A box-diagram describing the main steps in Magia processing is shown in Figure 1. Magia starts by preprocessing the PET images. The preprocessing consists of frame-alignment and coregistration with the MRI. The MRI is processed with FreeSurfer to generate anatomical parcellations for defining regions of interest 12, including a reference region if one is available for a tracer. Magia performs a two-step correction to the reference tissue mask (see below) before obtaining the input-function for modeling; the corrections makes the reference regions robust for many scanners and individuals. The MRI is also segmented into grey and white matter probability maps for spatial normalization 15. After modelling, the parametric images are spatially normalized and smoothed. In addition to the parametric images, Magia also calculates ROI-level parameter estimates for each study. Finally, the results are stored in a centralized archive in a standardized format along with visual quality control metrics, facilitating future population-level analyses.

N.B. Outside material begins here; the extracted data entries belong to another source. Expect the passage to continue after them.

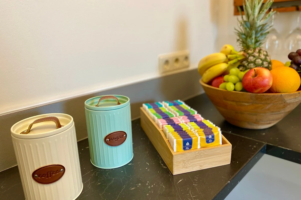 Zur Ausstattung gehören ausserdem Fussbodenheizung, kostenfreies WLAN, ein hauseigener Parkplatz direkt am Haus sowie ein Erstausstattungspaket für Küche und Bad.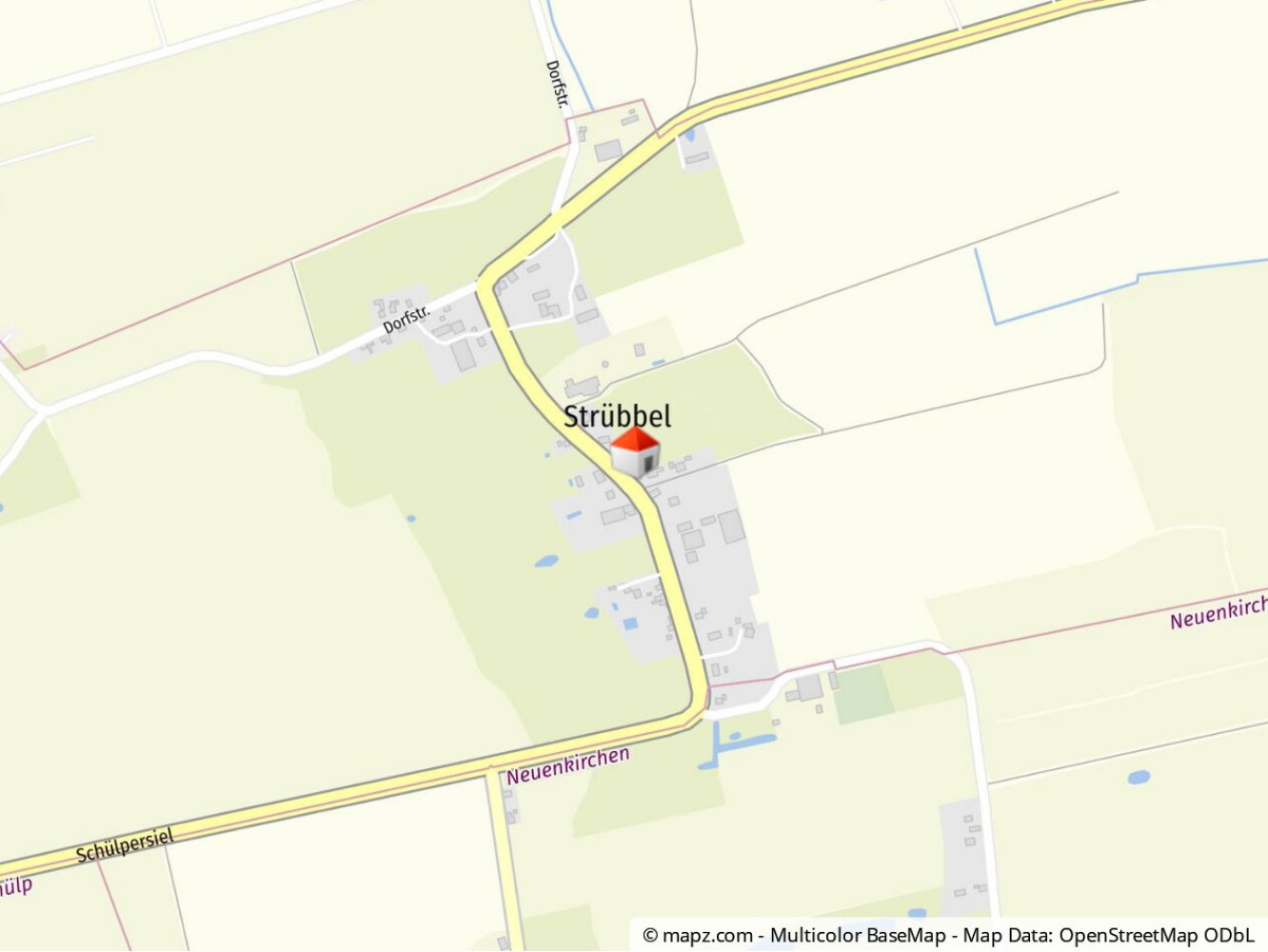 Die idyllische Gemeinde Strübbel liegt nordöstlich von Wesselburen an der sog. grünen Küstenstraße in Dithmarschen.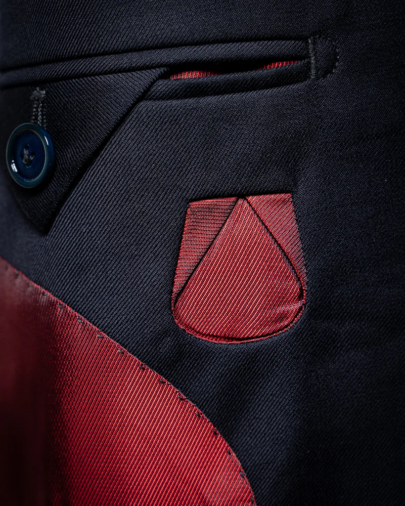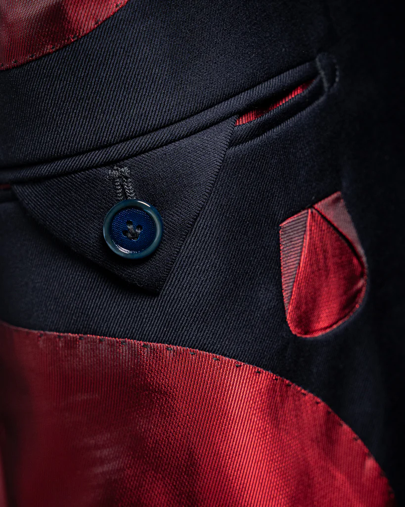 Il vero segreto architettonico è custodito all’interno: una fodera bordeaux cangiante che crea un contrasto magnetico e sofisticato con la profondità del blu esterno. I due spacchi posteriori assicurano una fluidità di movimento assoluta, mantenendo inalterata la precisione del taglio durante ogni gesto.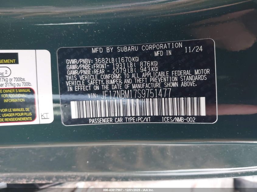 2025 TOYOTA GR86 2025 року Бензин, 2.4, Задній привід, vin - JF1ZNBM17S9751477 з США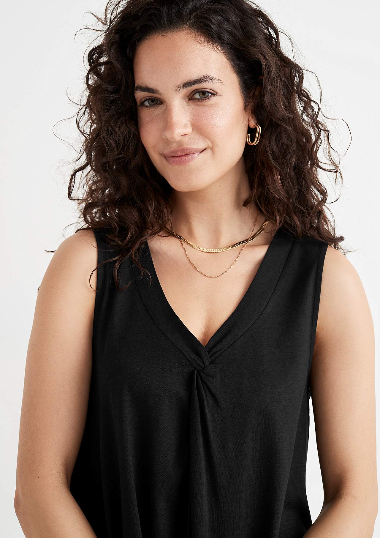 Sleeveless jersey dress. Airy model in lovely soft cotton viscose blend. V-neck cut with decorative twist knot at the front. Roomy, slightly a-line-shaped fit. The length varies with size: about 95-106 cm from the back shoulder.

The above-mentioned steps are only used when applicable. For example, for static images the frame alignment is skipped, and if there is no related MRI available, then a tracer-specific radioactivity template must be available to normalize the images. For all of the tracers included in this manuscript, such templates can be obtained from http://aivo.utu.fi/templates/. Magia also supports tracers that do not have a reference region. For such studies, the preprocessed plasma input must be available. Magia has default settings for preprocessing, modeling, and post-processing that have worked well during its development. However, Magia is also flexible in the sense that the user can override some of these options if needed.
Validation data
To assess reliability of Magia we used historical control data using four radioligands with different targets and spatial distribution of binding sites: Dopamine D2R receptor antagonist [11C]raclopride, μ-opioid receptor agonist [11C]carfentanil, serotonin transporter ligand [11C]MADAM, and beta-amyloid ligand [11C]PIB. For each radioligand we selected 30 studies (Table 1). We generated reference regions for all the tracers using traditional manual methods and the new automatic method and compared the results.
Manual reference region delineation
Five researchers with good knowledge of human neuroanatomy delineated reference regions for every study according to written and visual instructions (Figure 2a). Cerebellar cortex was used as a reference region for [11C]raclopride 16, [11C]MADAM 17 and [11C]PiB 18. For [11C]carfentanil, occipital cortex was used 19. The regions were drawn using CARIMAS (http://turkupetcentre.fi/carimas/) on three consecutive transaxial slices of T1-weighted MR images, which is the current standard manual method at Turku PET Centre. Cerebellar reference was drawn in cerebellar gray matter within a gray zone in the peripheral part of cerebellum, distal to the bright signal of white matter. The first cranial slice was placed below occipital cortex to avoid spill-in of radioactivity. Typically, this is a slice where the temporal lobe is clearly separated from the cerebellum by the petrosal part of the temporal bone. The most caudal slice was typically located in the most caudal part of the cerebellum. Laterally, venous sinuses were avoided to avoid spill-in during early phases of the scans. Posteriorly, there was about a 5 mm distance from cerebellar surface to avoid spill-out effects. Anteriorly, the border of the reference region was drawn approximately 2 mm distal to the border of cerebellar white and gray matter, except in the most caudal slice, where central white matter may no longer be visible.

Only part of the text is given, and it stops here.